A case in point is Cymbalta, an antidepressant marketed by Lilly.
As reported in the Wall Street Journal (here), Cymbalta will have an additional six months of U.S. market exclusivity -- through December 2013 -- because the company studied the drug's effects on children. "Lilly said, however, that it won't seek regulatory approval to market Cymbalta for pediatric use because study results were inconclusive regarding Cymbalta's efficacy in children."
Cymbalta is the "duct tape" of drugs; i.e., it has many approved indications for use in adults.
Cymbalta was originally approved in 2004 for adults with major depression. Later the FDA granted Lilly approval to market Cymbalta for treating nerve pain in diabetics, GAD (ie, "generalized anxiety disorder"; see "eGAD! How I Learned to Stop Worrying and Love Cymbalta!") and fibromyalgia, a condition characterized by chronic fatigue and muscle and joint pain.

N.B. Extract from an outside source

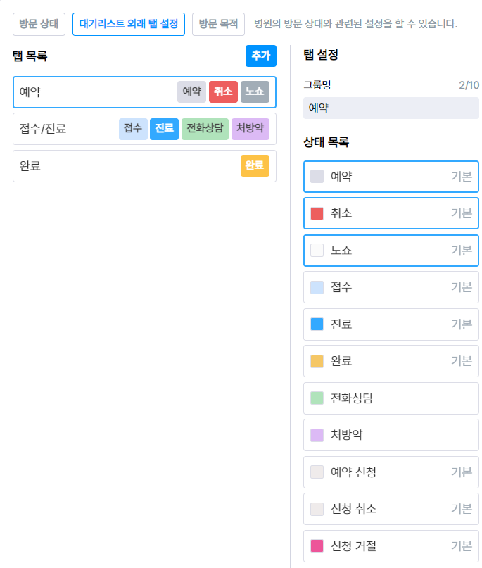 대기리스트 외래 탭 설정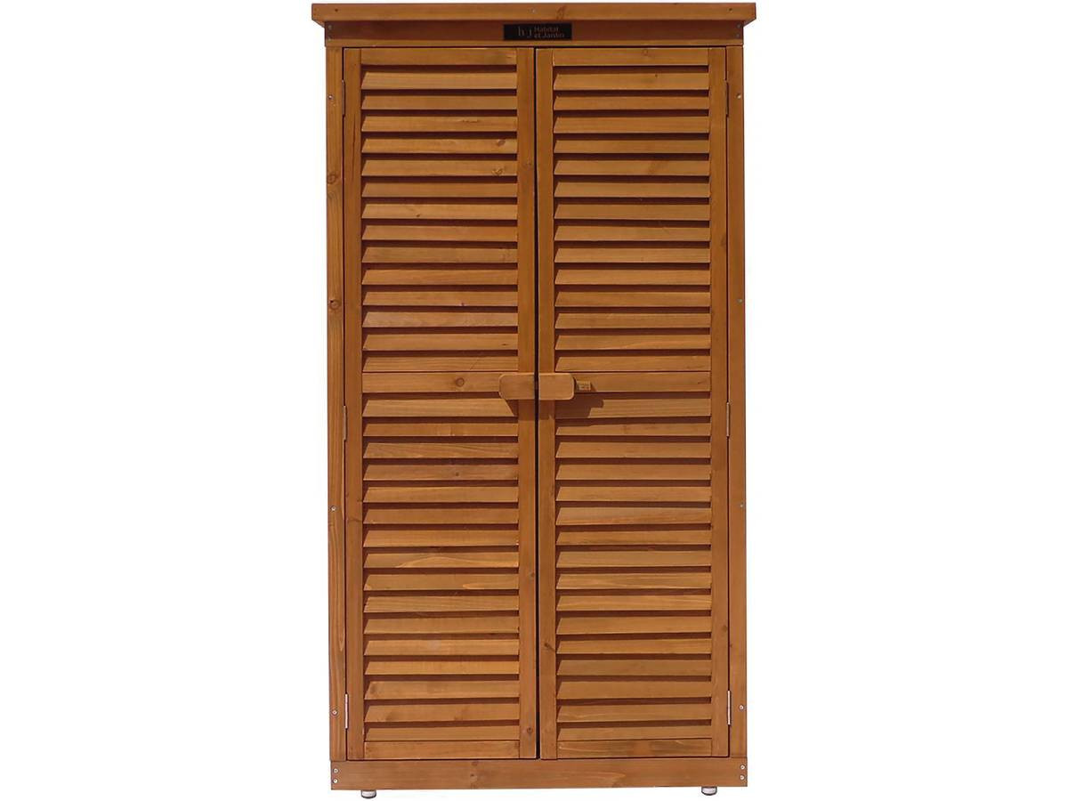 Descriptif :- Un meuble de rangement pour jardin, terrasse et balcon - Construit en bois de sapin - 2 larges étagères - Grand espace de rangement - Double porte type persienne - Ventilation - Verrouillable

With each new indication comes the potential to increase sales significantly. In 2010, for example, Cymbalta was approved for chronic lower back and knee pain, an indication that may have increased sales by $500 Million, a 16% increase over the $3.07 Bn in sales for Cymbalta in 2009 (read, for example, "Cymbalta: A Sweet ROI for Chronic Pain Indication").
But a 16% increase in sales is paltry compared with a 50% increase in sales that is possible when the FDA approves a drug for use in children under the Best Pharmaceuticals for Children Act, a statute that created the incentive for drug makers to test the products in young patients. For Lilly, a 6-month extension of market exclusivity for Cymbalta could give Lilly more than a $2 Billion windfall (in April, 2012, Lilly reported that first-quarter sales of Cymbalta rose 23% to $1.11 billion).
I'm sure the intent of the law was to make it possible for physicians to prescribe drugs for children based on evidence that the drugs worked in children. To offset the cost to drug companies to run trails to prove efficacy, Congress allowed 6 months of additional exclusivity during which those costs could be recouped. In the case of Cymbalta, children do not benefit and Lilly more than recoups the cost of pediatric trials, which involve perhaps only a few hundred subjects.
Purdue Pharma, however, claimed it lacked resources in 2004 when it abandoned a pediatric Oxycontin clinical trial requested by the FDA. Only now -- when Oxycontin is a mere year away from losing market exclusivity -- is Purdue pursing such a trial (see "After Delay, OxyContin’s Use in Young Is Under Study"). Sales of Oxycontin reached $1.7 billion (in the U.S.?) in 2004.
It is too soon to know if the Oxycontin pediatric trial will demonstrate any effectiveness in treating children under 12. One thing that is certain, however, is that street use of Oxycontin by children and young adults is deadly. If extended market exclusivity can help prevent illegal diversion of even cheaper generic versions of Oxycontin, then I am all for it no matter what the clinical trail results!